Let 2023 be a year of hope, perched and singing to our souls, but also inching us forward to do the hard work, offering our time and talents, to bring about a better today.
On days that seem dark and heavy, mired with concerns about the future, it is nice to remember that babies are being born, people are proposing, family members are coming home, and we are all here today.
Today, where we still have power to work toward better tomorrows.
Do not lose heart. The challenges you see today are the ones you must face. You are strong enough to do your part, and you will find allies everywhere you look.
Do not be afraid.
You may feel you are riding on stormy seas, but look around you. In the words of Dr. Clarissa Pinkola Estes:
Look out over the prow; there are millions of boats of righteous souls on the waters with you. Even though your veneers may shiver from every wave in this stormy roil, I assure you that the long timbers composing your prow and rudder come from a greater forest. That long-grained lumber is known to withstand storms, to hold together, to hold its own, and to advance, regardless.

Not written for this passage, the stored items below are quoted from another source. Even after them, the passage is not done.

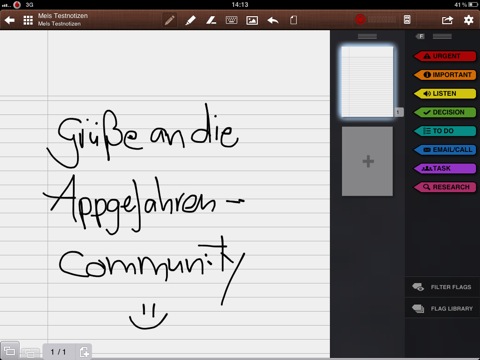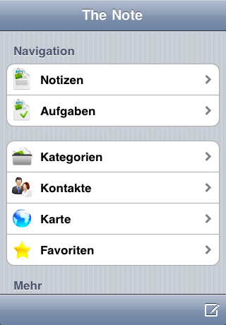 Schön animiert öffnet sich dann das jeweilige Notizbuch, und man trägt über die Tastatur des iDevices seine Gedanken, Listen oder sonstige geistige Ergüsse ein. Dabei stehen zehn verschiedene Schriftarten in unterschiedlichen Farben und Größen bereit. Auch der Stil des Papiers kann aus verschiedenen Varianten ausgewählt werden. Realistische Umblätter-Animationen und ein Inhaltsverzeichnis runden die App ab.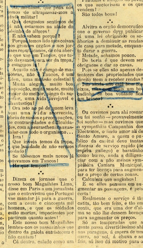 Por causa da censura, muitos dos relatos na imprensa forçavam a nota democrática que reinava no acampamento: os “casacas”, vulgo a classe superior calçava tão bem que parecia ter saído de uma sapataria da Baixa.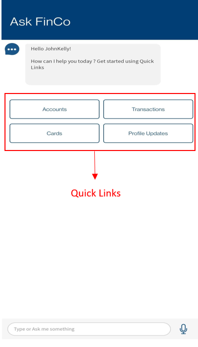 To chat with Ask Finco, the Chatbot, use the predefined items, enter text in the box, or tap the microphone icon and speak.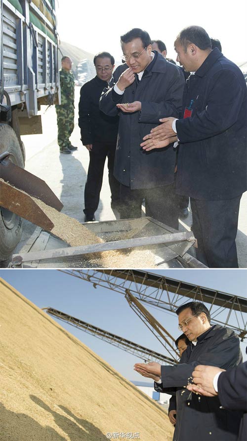 新华网北京11月4日电 据新华社“新华视点”微博报道,黑龙江抚远浓桥粮库烘干塔前,传送带正在输送金黄的稻谷。李克强抓起一把稻粒仔细查看,并捡出一粒咀嚼,体会测算水分。看到新收的稻米堆积成山,李克强对工作人员说,人是铁,饭是钢,大米是金。这谷堆是真正的“金山”,你们是在“金山”上工作,责任重大。

In any dark time, there is a tendency to veer toward fainting over how much is wrong or unmended in the world. Do not focus on that. There is a tendency, too, to fall into being weakened by dwelling on what is outside your reach, by what cannot yet be. Do not focus there. That is spending the wind without raising the sails.
We are needed, that is all we can know. And though we meet resistance, we more so will meet great souls who will hail us, love us and guide us, and we will know them when they appear. Didn’t you say you were a believer? Didn’t you say you pledged to listen to a voice greater? Didn’t you ask for grace? Don’t you remember that to be in grace means to submit to the voice greater?

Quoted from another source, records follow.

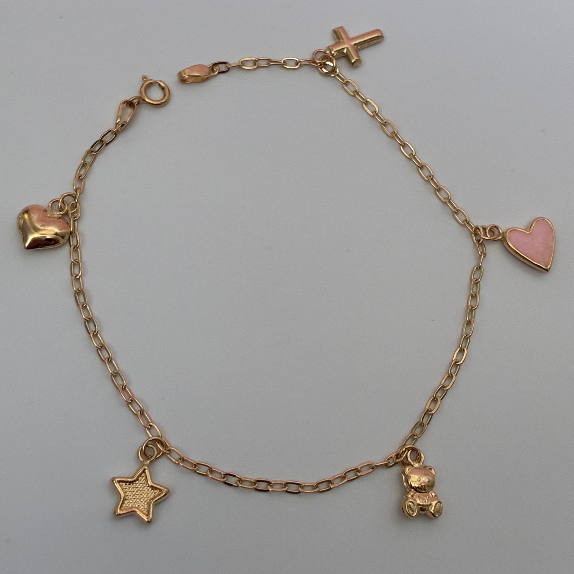 PULSERA DE LOS SUEÑOS CON DIJES OSOS + ESTRELLA + CORAZON + CRUZ ORO AMARILLO COL 18K 19CM - 2,55GR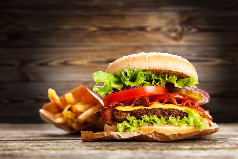 broodje hamburger speciaal met portie patat, rauwkost en saus naar keuze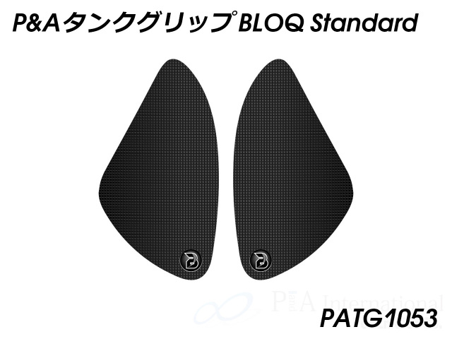 「P&A タンクグリップ BLOQ EXTREME」 : 厚みのあるパッドに突起状の滑り止めが施されています。非常に高いグリップ性能を持ち、高いホールド性と抜群のコントロールをもたらします。レース水準にも応える性能を発揮します。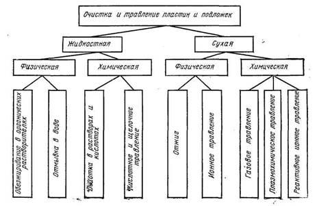 Рисунок 1 Классификация методов очистки и травления пластин и подложек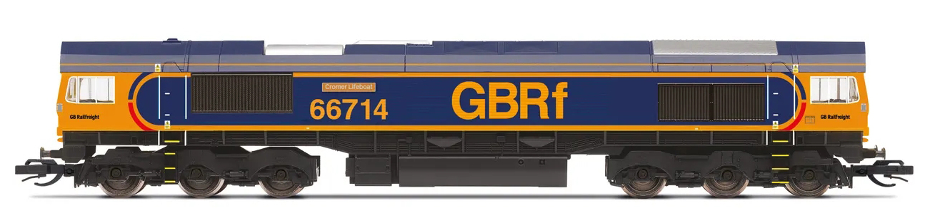 | dieselová lokomotiva modrá-oranžová, šedá střecha a černý pojezd „Cromer Lifeboat“ |

Ours is not the task of fixing the entire world all at once, but of stretching out to mend the part of the world that is within our reach. Any small, calm thing that one soul can do to help another soul, to assist some portion of this poor suffering world, will help immensely. It is not given to us to know which acts or by whom, will cause the critical mass to tip toward an enduring good.

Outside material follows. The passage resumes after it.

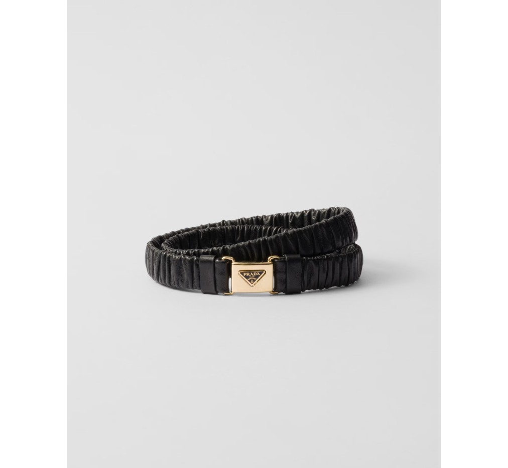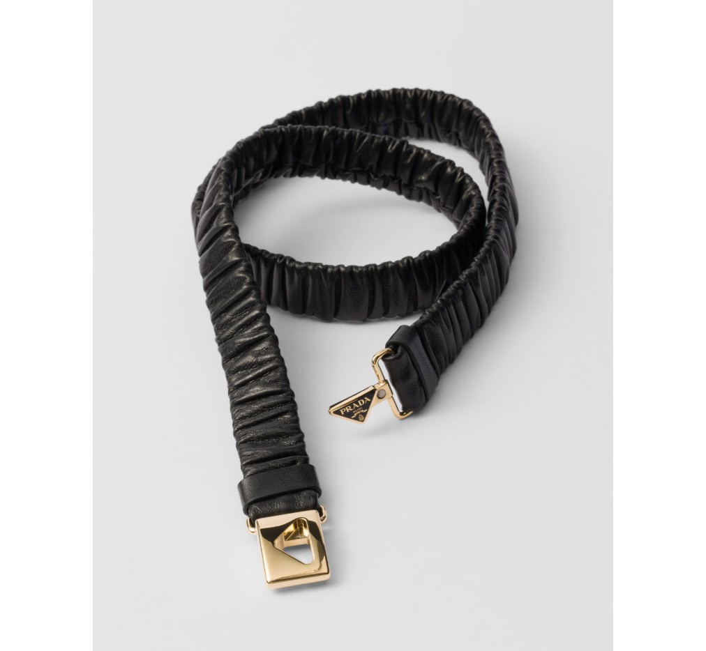 이 벨트의 세련된 디자인은 삼각형 로고로 장식된 우아한 버클과 드레이프 가죽의 부드러운 촉감이 결합되었습니다.

You do not need to do everything. Do what you can, where you can, with what you can. Your actions combined with actions from millions of like-minded individuals will make a difference for good.
Tomorrow is such a complex word. On one hand, it is reassuring that there is always a tomorrow, a fresh start, a day to begin anew. But, on the other hand, the concept of tomorrow can be beguiling and seductive and keep us from starting what can be done right now today.
What is it you would like to start or do that may, frankly, take a while? What have you been putting off, perhaps for an endless cascade of tomorrows? Those tomorrows are now yesterdays.
Today is as good a day as any to plunge in and begin.